There has been a decline in the incidence of most violent crimes during the 2003/04 financial year according to a South African Police Services report released last week. But buried in the country's crime statistics are other alarming figures. According to a recent Medical Research Council report, South Africa has the highest rate of intimate femicide (women killed by their intimate partners) that has ever been reported in research anywhere in the world.
UCT's Professor Lorna Martin, new head of forensic medicine and toxicology, is one of six researchers who took part in the national MRC female homicide study*, which reveals that one woman is murdered in South Africa every six hours by someone she loves, someone with whom she has an intimate relationship; a husband, a common law husband, a lover or boyfriend.
The study was retrospective, with data collected on female homicides of women aged 14 and above in South Africa in 1999. According to the report, 8.8 per 100 000 women 14 years and older were killed by an intimate partner in South Africa in 1999.
"We estimate that 1 349 women were murdered by an intimate partner nationally that year," Martin said.
This means that four women each day are killed by known perpetrators. This group makes up half of the women murdered in this country and is the highest rate that has ever been reported in research anywhere in the world, says the report.
Data for 1999 were collected between March 2002 and December 2003 from sampled mortuaries, establishing a sample group of 905 female homicide cases with complete data. The research group's analysis was based on the cases where the perpetrator was established.
Little is known about who kills South African women and under which circumstances, but international studies show that intimate femicide is linked to a history of domestic violence, with the risk increasing at the threat of separation or actual separation.

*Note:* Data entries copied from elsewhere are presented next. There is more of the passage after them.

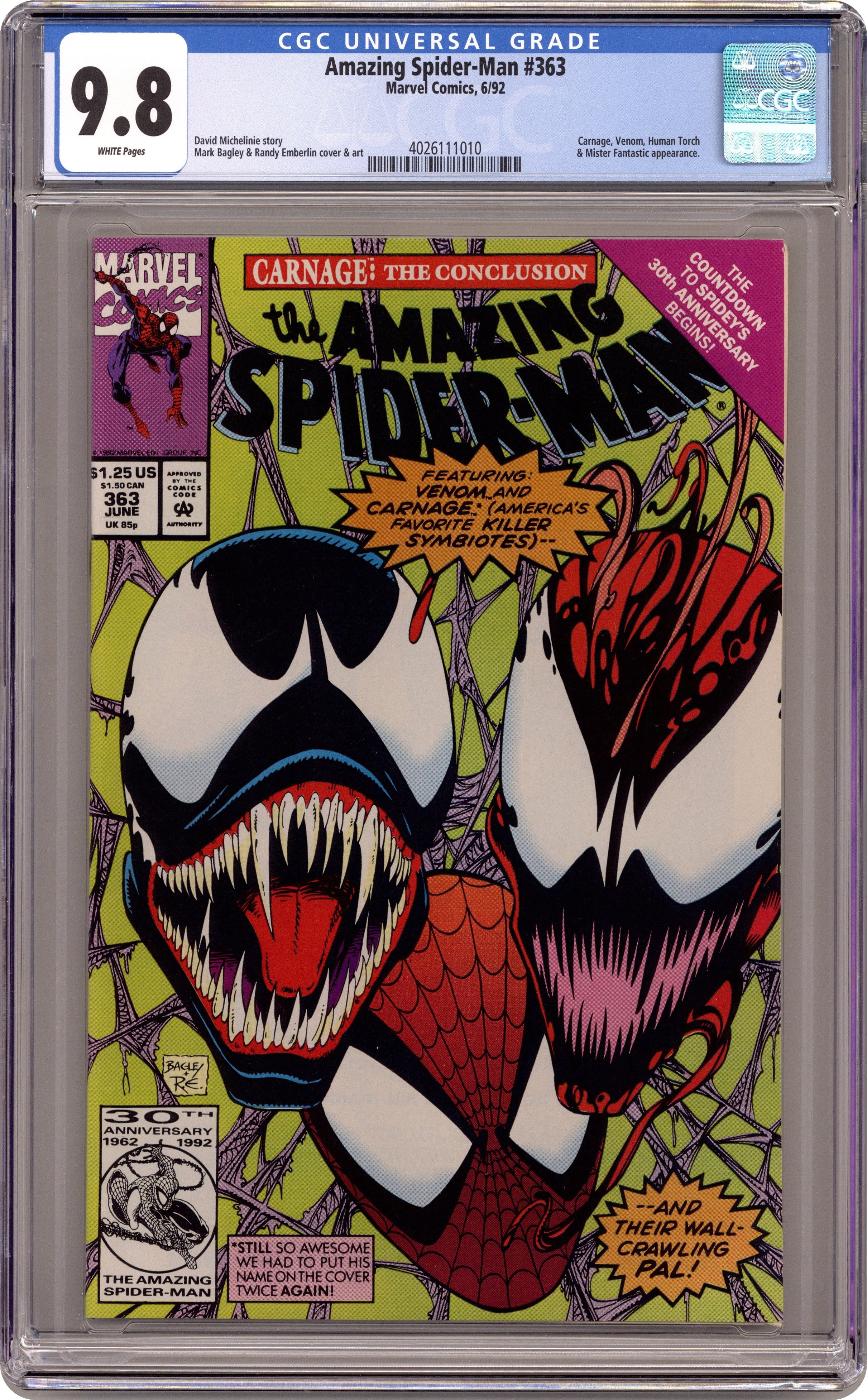 Direct Edition. "Savage Grace!" Part 3 of 3. Script by David Michelinie. Pencils by Mark Bagley. Inks by Randy Emberlin. Cover by Mark Bagley and Randy Emberlin. Carnage takes J. Jonah Jameson hostage and drags him to a heavy metal concert at Madison Square Garden! The psychotic killer plans to execute JJJ in front of thousands of headbangers! But before Carnage can deliver the deathblow, Spider-Man and Venom strike! The ferocious fight leads into the subway tunnels and then back onto the concert stage! Where thanks to MSG's awesome sound system, the web-slinger tries to knock out both Carnage and Venom! The wall-crawler's ploy better work, because double-crossing Venom could have lethal consequences! A fantastic finish! First appearances of the Richard Parker and Mary Parker life model decoys (LMD's). Cameo appearances by Joe Robertson, Mr. Fantastic, and the Human Torch. (Notes: Venom appears next in the one-shot: Spider-Man Special Edition -- The Trial of Venom (1992). Carnage returns in the first issue of Spider-Man Unlimited (1993 1st series) to kick off the Maximum Carnage saga.) 36 pages. $1.25 cover price. Cover price $1.25. Grade: CGC 9.8 explanation of grade Condition: Used (collectible)
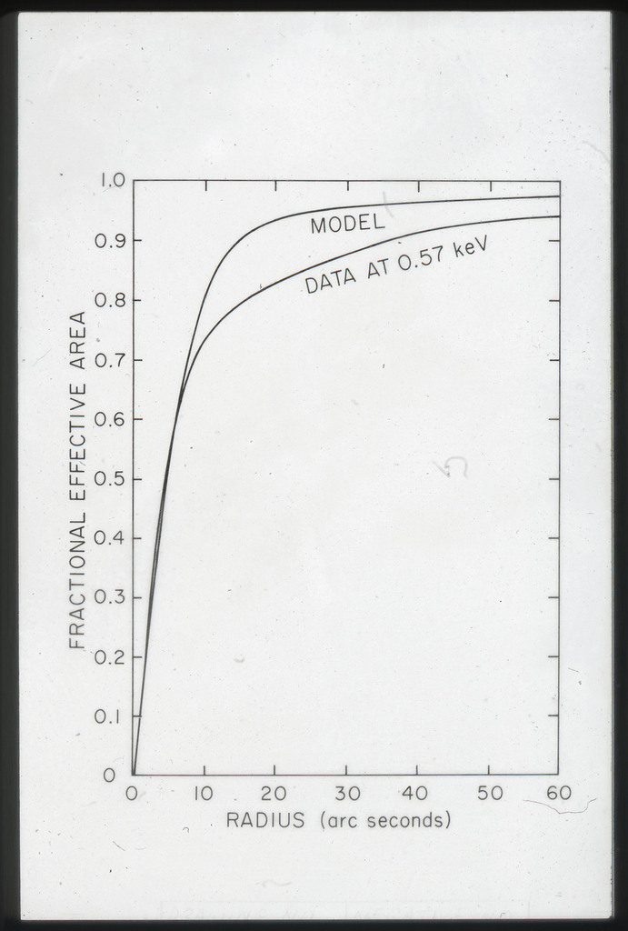 E/46 HRI-OGS effective area, 1,000 line/mm grating. Solid line is theoretical prediction, points are calibration data. |
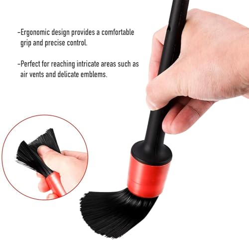 - تنظيف دقيق: تتيح أحجام وأشكال الفرش المختلفة تنظيفًا دقيقًا لفتحات التهوية والزوايا الضيقة والأسطح المعقدة للسيارات.

"Given the high levels of gender-based violence and excessive rates of homicide in South Africa, it is critical for us to establish the size of the problem and the pattern of intimate femicide in South Africa," Martin added.
Information on the occupations of perpetrators shows that they are more likely to be blue collar workers, farm workers and security workers. Statistics in the report also show that the victims of intimate femicide are mostly black women (76.4%), followed by coloured women (17.7%), white women (3.9%) and Indian women (2%).
In a comparison between non-intimate femicides and intimate femicides the study found that women killed by their intimate partners were more likely to be: younger; killed at home; work as domestic workers; killed by a legal firearm, killed by blunt force, and killed by perpetrators with alcohol problems.
The researchers also compiled telling statistics on sentencing disparities between the two groups, non-intimate femicides and intimate femicides. They found a significant difference in the average sentence handed down for perpetrators of intimate femicide (10.7 years) and non-intimate femicide (12.4 years).
Their medico-legal findings revealed that 2% of all female murder victims were pregnant and that in 15.3% of the cases, the women had been sexually assaulted. Samples were sent for DNA analysis in only 3.5% of the intimate femicide cases. In 21.2% of the cases that showed evidence of sexual assault, a genital swab was not taken.
"Our overall assessment of the quality of post mortem reports found that 39% were below adequate," Martin noted. "The quality of post mortems was particularly unsatisfactory at the smaller mortuaries where 67.6% of the reports were found to be below adequate."
The researchers also found several flaws in the medical and legal management of female murder cases and recommend that:
"Homicide is the most serious of all crimes in our crime-ridden society and intimate femicide is the most serious form and consequence of domestic violence and gender inequality. It needs to be understood that it is not primarily a matter of death but one of the quality and value placed on women's lives," the report concludes.